Na terceira, e última, parte, volta-se ao início, volta a ouvir-se o adágio, a mulher está novamente só, com o romance «perpetuamente inacabado», com o «futuro em branco», à espera de «um esplendor incerto» que ponha outra vez a sua vida em jogo: é a espiral do tempo que se «cinge cada vez mais ao centro», um vicioso e irremediável centro de inquietação.

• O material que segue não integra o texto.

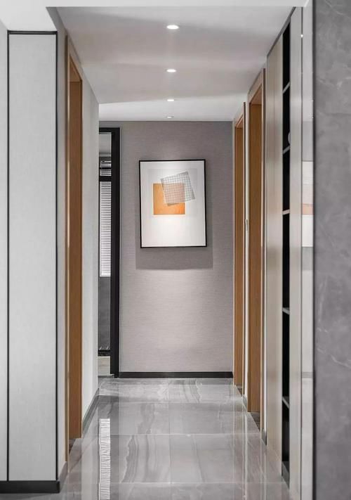 过道通过虚实的展示柜与到顶的房门,让干净清爽,同时又丰富多彩。

O Romper das Ondas, Rui Herbon; Parceria A.M. Pereira, Lisboa, 2009
Nota: Livros de Rui Herbon: Voar como os Pássaros, Chorar como as Nuvens (Um Filme Português), Prémio Eixo-Atlântico de Narrativa Galega e Portuguesa 2002; Absinto (A Inútil Deambulação da Escrita), Prémio António Paulouro 2004, da cidade Fundão; Os Girassóis.
Não editados, mas premiados, Rui Herbon tem: Eterno Retorno, Prémio Afonso Lopes Vieira 2005, da cidade de Leiria, Prémio Orlando Gonçalves 2005, da Amadora e Menção Honrosa no Prémio Alves Redol 2005, de Vila Franca de Xira; A Preto e Branco, livro de contos, Prémio Nacional de Literatura Lions de Portugal 2007; Masoch, Prémio Maria Matos 2007 de Dramaturgia.